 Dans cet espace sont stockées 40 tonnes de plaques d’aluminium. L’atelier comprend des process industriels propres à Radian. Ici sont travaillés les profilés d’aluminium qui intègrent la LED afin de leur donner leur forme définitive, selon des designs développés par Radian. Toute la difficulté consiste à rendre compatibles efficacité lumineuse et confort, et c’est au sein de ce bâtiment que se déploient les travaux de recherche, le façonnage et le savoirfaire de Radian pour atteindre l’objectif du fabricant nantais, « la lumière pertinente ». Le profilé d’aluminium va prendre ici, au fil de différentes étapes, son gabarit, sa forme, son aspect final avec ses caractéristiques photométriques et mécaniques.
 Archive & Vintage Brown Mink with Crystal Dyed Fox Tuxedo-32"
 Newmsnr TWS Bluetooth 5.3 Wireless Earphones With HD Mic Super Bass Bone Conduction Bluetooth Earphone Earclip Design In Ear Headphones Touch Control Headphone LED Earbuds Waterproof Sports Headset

===

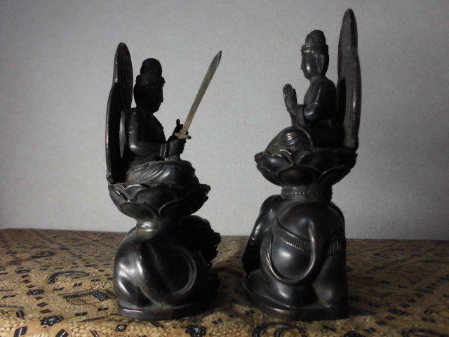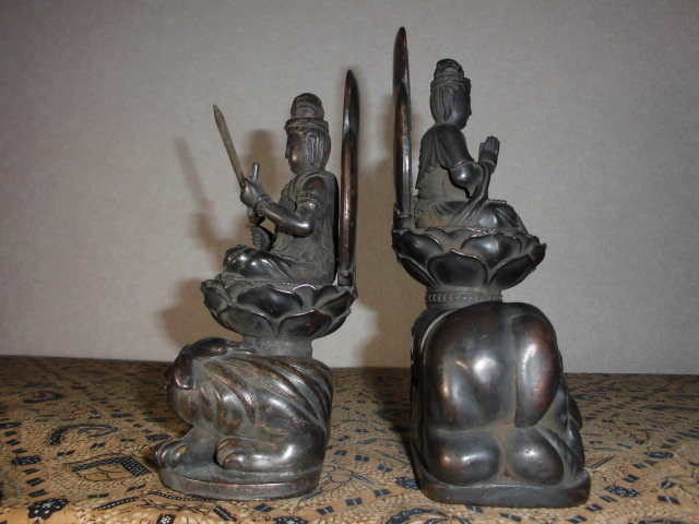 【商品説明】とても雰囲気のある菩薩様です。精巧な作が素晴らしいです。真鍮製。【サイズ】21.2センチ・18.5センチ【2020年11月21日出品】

===

**Required work:**
Beginning at the line with "Dans cet espace" and stopping after the line with "Newmsnr TWS Bluetooth", please write out every line of the data above exactly and nothing else.

**Written answer:**
 Dans cet espace sont stockées 40 tonnes de plaques d’aluminium. L’atelier comprend des process industriels propres à Radian. Ici sont travaillés les profilés d’aluminium qui intègrent la LED afin de leur donner leur forme définitive, selon des designs développés par Radian. Toute la difficulté consiste à rendre compatibles efficacité lumineuse et confort, et c’est au sein de ce bâtiment que se déploient les travaux de recherche, le façonnage et le savoirfaire de Radian pour atteindre l’objectif du fabricant nantais, « la lumière pertinente ». Le profilé d’aluminium va prendre ici, au fil de différentes étapes, son gabarit, sa forme, son aspect final avec ses caractéristiques photométriques et mécaniques.
 Archive & Vintage Brown Mink with Crystal Dyed Fox Tuxedo-32"
 Newmsnr TWS Bluetooth 5.3 Wireless Earphones With HD Mic Super Bass Bone Conduction Bluetooth Earphone Earclip Design In Ear Headphones Touch Control Headphone LED Earbuds Waterproof Sports Headset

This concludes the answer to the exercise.